Modules

I understand the way these things are working but I don’t really
understand what’s going on and why.

module Foo
def bar
1
end
def Foo.zim
2
end
end

Foo.zim # works, OK, fair enough
2

Foo::zim # works, but why have two syntaxes that do the same?
2

Foo.bar # NoMethodError. Shouldn’t this work though? What if I had a procedural API that I wanted to namespace: -

module SomeNamespace
require ‘procedural_api’
end

SomeNamespace.function_from_procedural_api # this ain’t gonna work!
SomeNamespace::function_from_procedural_api # nor is this

class SomeClass
include Foo
end

SomeClass.new.bar # OK, it’s been mixed in
1

SomeClass.zim # NoMethodError, huh? Why doesn’t this work?
SomeClass.new.zim # NoMethodError. So where has the zim definition actually gone? Doesn’t it get included at all?

I’m very confused by all this. Please help unravel the mess in my brain.

Oliver S. [email protected] wrote:

end
end

SomeClass.new.bar # OK, it’s been mixed in
1
SomeClass.zim # NoMethodError, huh? Why doesn’t this work?
SomeClass.new.zim # NoMethodError.

I’m very confused by all this. Please help unravel the mess in my brain.
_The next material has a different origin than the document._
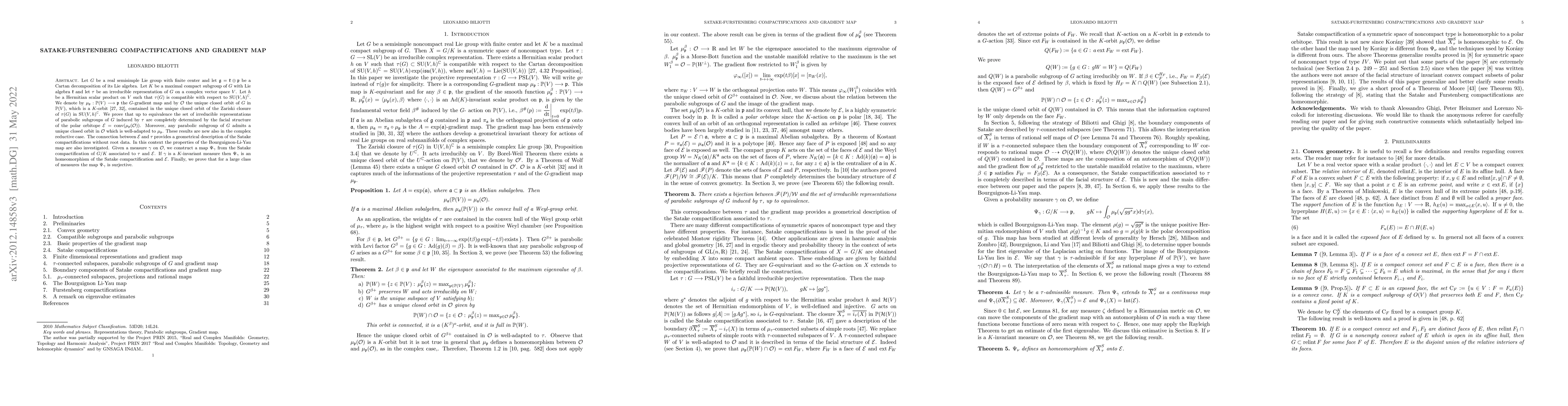 Let $G$ be a real semisimple Lie group with finite center and let $\mathfrak g=\mathfrak k \oplus \mathfrak p$ be a Cartan decomposition of its Lie algebra. Let $K$ be a maximal compact subgroup of $G$ with Lie algebra $\mathfrak k$ and let $\tau$ be an irreducible representation of $G$ on a complex vector space $V$. Let $h$ be a Hermitian scalar product on $V$ such that $\tau(G)$ is compatible with respect to $\mathrm{U}(V,h)^{\mathbb C}$. We denote by $\mu_{\mathfrak p}:\mathbb P(V) \longrightarrow \mathfrak p$ the $G$-gradient map and by $\mathcal O$ the unique closed orbit of $G$ in $\mathbb P(V)$, which is a $K$-orbit, contained in the unique closed orbit of the Zariski closure of $\tau(G)$ in $\mathrm{U}(V,h)^{\mathbb C}$. We prove that up to equivalence the set of irreducible representations of parabolic subgroups of $G$ induced by $\tau$ are completely determined by the facial structure of the polar orbitope $\mathcal E=\mathrm{conv}(\mu_{\mathfrak p} (\mathcal O))$. Moreover, any parabolic subgroup of $G$ admits a unique closed orbit which is well-adapted to $\mathcal O$ and $\mu_{\mathfrak p}$ respectively. These results are new also in the complex reductive case. The connection between $\mathcal E$ and $\tau$ provides a geometrical description of the Satake compactifications without root data. In this context the properties of the Bourguignon-Li-Yau map are also investigated. Given a measure $\gamma$ on $\mathcal O$, we construct a map $\Psi_\gamma$ from the Satake compactification of $G/K$ associated to $\tau$ and $\mathcal E$. If $\gamma$ is a $K$-invariant measure then $\Psi_\gamma$ is an homeomorphism of the Satake compactification and $\mathcal E$. Finally, we prove that for a large class of measures the map $\Psi_\gamma$ is surjective.

I’d say you’re not confused at all. You’ve described perfectly how the
language behaves.

m.

Foo.zim # works, OK, fair enough
2

Foo::zim # works, but why have two syntaxes that do the same?
2

objec.method works for any object. Everything is an object, so Foo is
an object too.
Class::method, Module::method works with class/module methods only.

SomeClass.zim # NoMethodError, huh? Why doesn’t this work?
SomeClass.new.zim # NoMethodError.

Let’s take a different angle:

class Baz
def Baz.qux # class method. you can look at it as a singleton method for Baz
3
end
end
=> nil

Baz.qux
=> 3

Baz.new.qux # class method is not available to the instance
NoMethodError: undefined method `qux’ for #Baz:0x35c6f4
from (irb):7
from :0

Thus zim exists only for the object of the Foo module - not any class
that mixes in Foo, just for THE Foo itself.